[Stored entries]
Start of Block

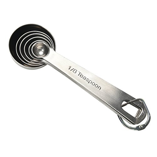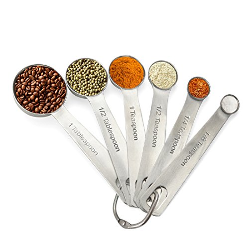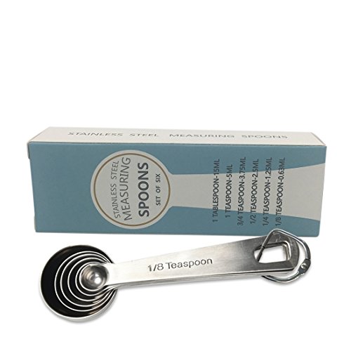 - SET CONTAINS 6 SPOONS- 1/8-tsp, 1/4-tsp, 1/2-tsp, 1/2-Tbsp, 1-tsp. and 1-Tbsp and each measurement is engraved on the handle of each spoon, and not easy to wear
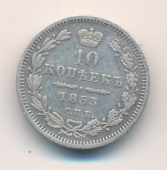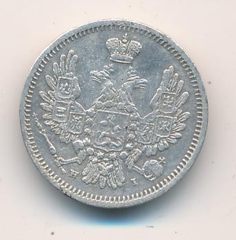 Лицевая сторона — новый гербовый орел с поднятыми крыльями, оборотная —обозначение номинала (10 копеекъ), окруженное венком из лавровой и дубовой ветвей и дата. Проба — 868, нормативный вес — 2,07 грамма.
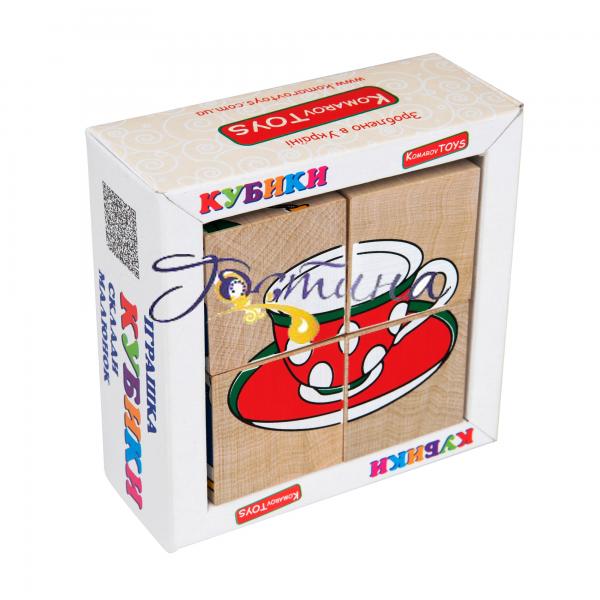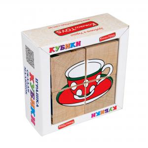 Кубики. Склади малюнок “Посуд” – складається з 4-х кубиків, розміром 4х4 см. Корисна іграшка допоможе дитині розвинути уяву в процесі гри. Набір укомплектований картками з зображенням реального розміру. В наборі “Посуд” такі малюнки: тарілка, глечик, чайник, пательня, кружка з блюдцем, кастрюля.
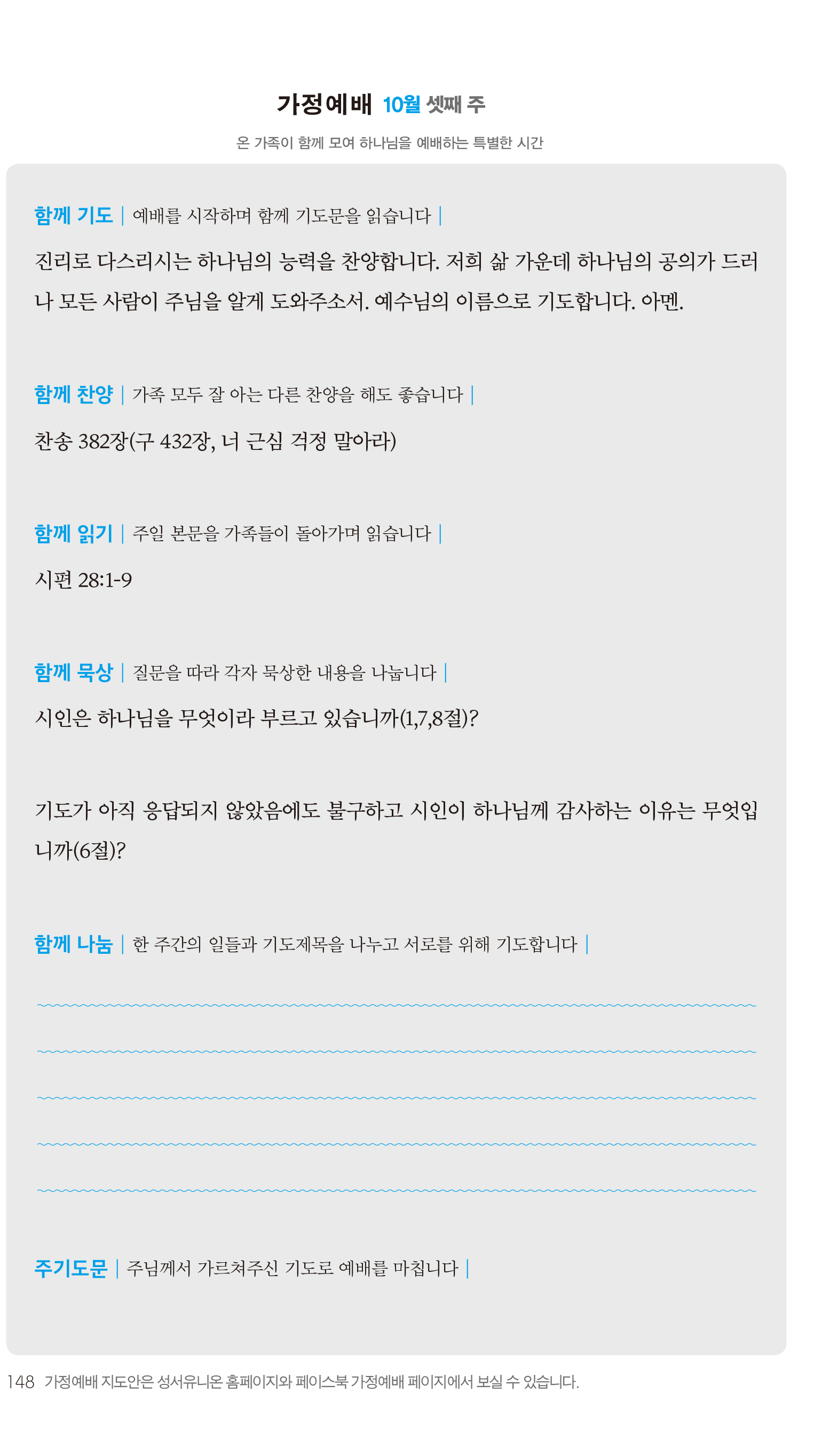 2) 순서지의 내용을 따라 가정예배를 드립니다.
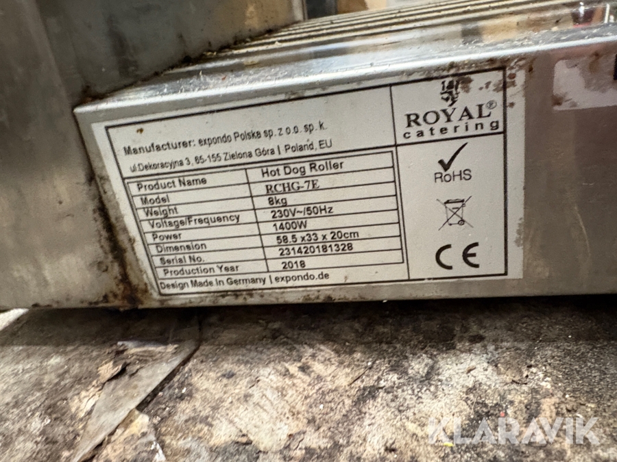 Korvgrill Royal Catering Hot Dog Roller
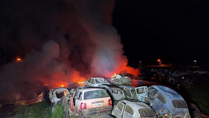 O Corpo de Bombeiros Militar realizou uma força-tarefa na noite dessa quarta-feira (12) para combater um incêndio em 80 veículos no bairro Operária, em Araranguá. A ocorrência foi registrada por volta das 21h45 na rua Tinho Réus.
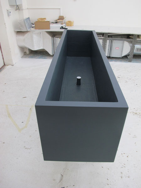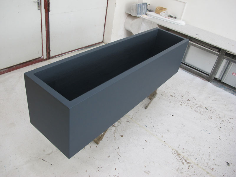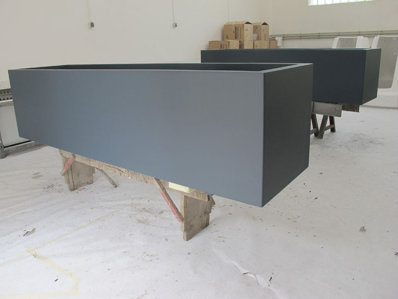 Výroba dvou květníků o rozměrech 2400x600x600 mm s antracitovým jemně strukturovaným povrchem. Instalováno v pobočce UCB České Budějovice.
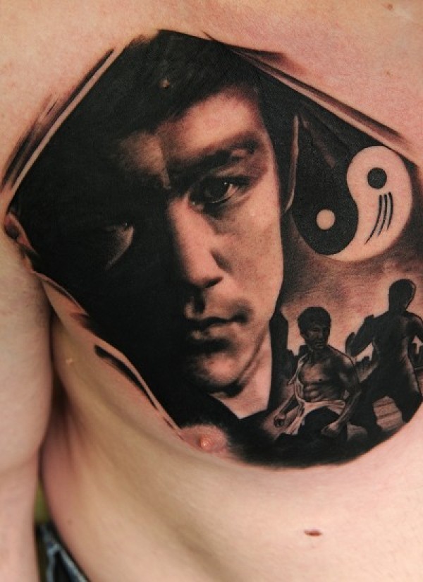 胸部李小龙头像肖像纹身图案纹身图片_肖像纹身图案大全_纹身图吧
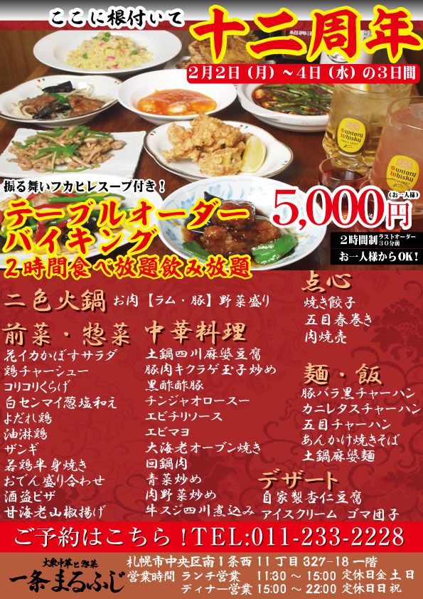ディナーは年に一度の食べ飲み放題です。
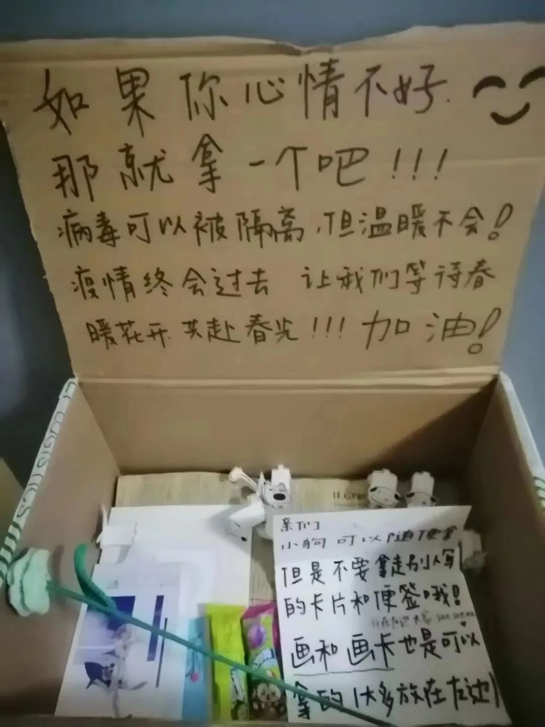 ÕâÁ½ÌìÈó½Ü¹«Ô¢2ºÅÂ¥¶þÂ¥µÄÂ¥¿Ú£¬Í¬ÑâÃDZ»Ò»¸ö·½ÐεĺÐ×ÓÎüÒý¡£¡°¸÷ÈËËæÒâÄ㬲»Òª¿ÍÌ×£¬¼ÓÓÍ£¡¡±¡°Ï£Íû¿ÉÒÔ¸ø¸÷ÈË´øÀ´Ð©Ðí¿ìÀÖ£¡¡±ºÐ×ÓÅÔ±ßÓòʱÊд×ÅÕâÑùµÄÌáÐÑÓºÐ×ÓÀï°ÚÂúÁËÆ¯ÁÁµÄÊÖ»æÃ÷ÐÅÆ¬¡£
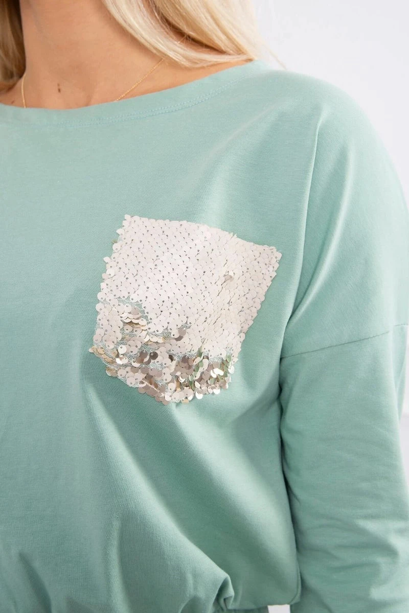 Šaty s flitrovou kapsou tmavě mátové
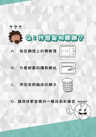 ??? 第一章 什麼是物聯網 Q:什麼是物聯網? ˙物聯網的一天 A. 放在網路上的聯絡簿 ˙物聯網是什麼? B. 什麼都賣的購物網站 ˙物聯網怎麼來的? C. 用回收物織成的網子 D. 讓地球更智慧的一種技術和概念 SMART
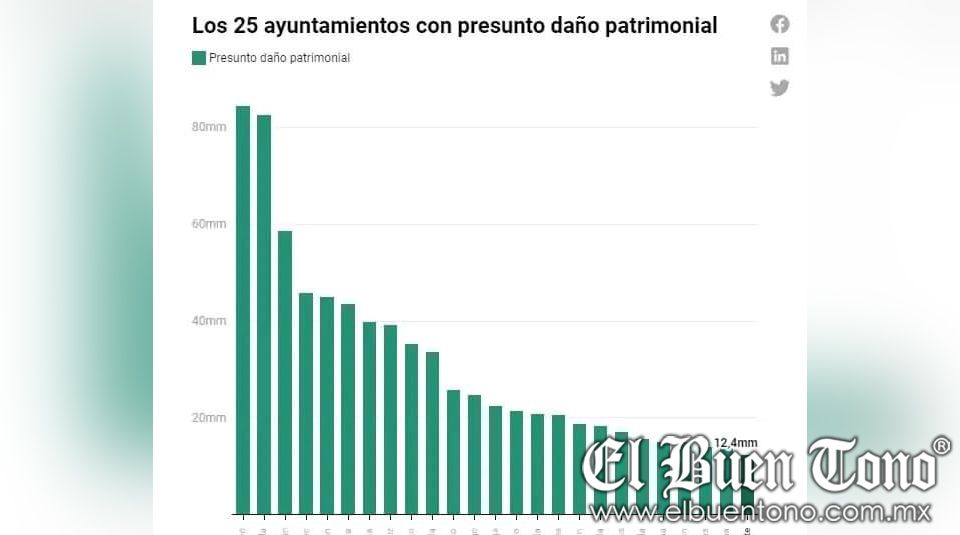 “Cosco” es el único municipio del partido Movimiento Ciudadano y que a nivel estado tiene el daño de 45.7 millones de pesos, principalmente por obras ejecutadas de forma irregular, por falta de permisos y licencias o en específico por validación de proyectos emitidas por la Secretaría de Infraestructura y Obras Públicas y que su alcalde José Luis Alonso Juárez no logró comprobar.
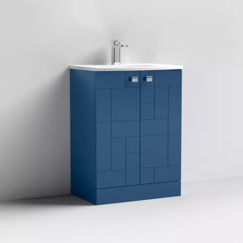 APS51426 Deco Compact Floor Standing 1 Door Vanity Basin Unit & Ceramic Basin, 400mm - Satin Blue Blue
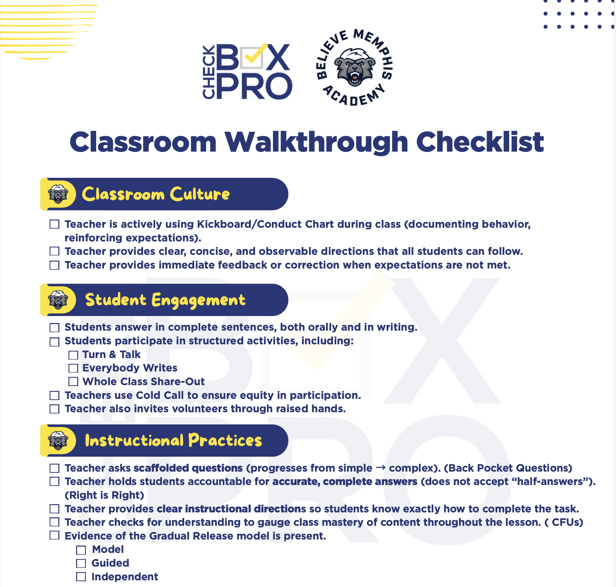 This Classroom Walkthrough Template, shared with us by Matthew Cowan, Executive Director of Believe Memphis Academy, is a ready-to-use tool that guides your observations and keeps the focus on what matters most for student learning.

End of Block

● Exercise instructions:
All lines from the one containing "APS51426 Deco Compact" through the end of the data are to be restated exactly, with nothing else and without the pictures.

● Output for this exercise:
 APS51426 Deco Compact Floor Standing 1 Door Vanity Basin Unit & Ceramic Basin, 400mm - Satin Blue Blue
 This Classroom Walkthrough Template, shared with us by Matthew Cowan, Executive Director of Believe Memphis Academy, is a ready-to-use tool that guides your observations and keeps the focus on what matters most for student learning.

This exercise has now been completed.